What a charming woman, what a world, what is biography.

Friday, November 11, 2011

Steve Job



   
Based on more than forty interviews with Jobs conducted over two years—as well as interviews with more than a hundred family members, friends, adversaries, competitors, and colleagues—Walter Isaacson has written a riveting story of the roller-coaster life and searingly intense personality of a creative entrepreneur whose passion for perfection and ferocious drive revolutionized six industries: personal computers, animated movies, music, phones, tablet computing, and digital publishing.
At a time when America is seeking ways to sustain its innovative edge, and when societies around the world are trying to build digital-age economies, Jobs stands as the ultimate icon of inventiveness and applied imagination.
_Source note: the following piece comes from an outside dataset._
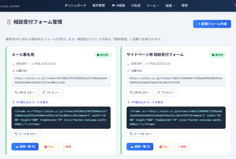 【AILEX新機能】「HPに入力してもらった内容が、そのまま相談管理に入っていれば」— 相談受付フォーム発行機能をリリース

He knew that the best way to create value in the twenty-first century was to connect creativity with technology. He built a company where leaps of the imagination were combined with remarkable feats of engineering.  
Although Jobs cooperated with this book, he asked for no control over what was written nor even the right to read it before it was published. He put nothing off-limits. He encouraged the people he knew to speak honestly. And Jobs speaks candidly, sometimes brutally so, about the people he worked with and competed against. His friends, foes, and colleagues provide an unvarnished view of the passions, perfectionism, obsessions, artistry, devilry, and compulsion for control that shaped his approach to business and the innovative products that resulted.
Driven by demons, Jobs could drive those around him to fury and despair. But his personality and products were interrelated, just as Apple’s hardware and software tended to be, as if part of an integrated system. His tale is instructive and cautionary, filled with lessons about innovation, character, leadership, and values.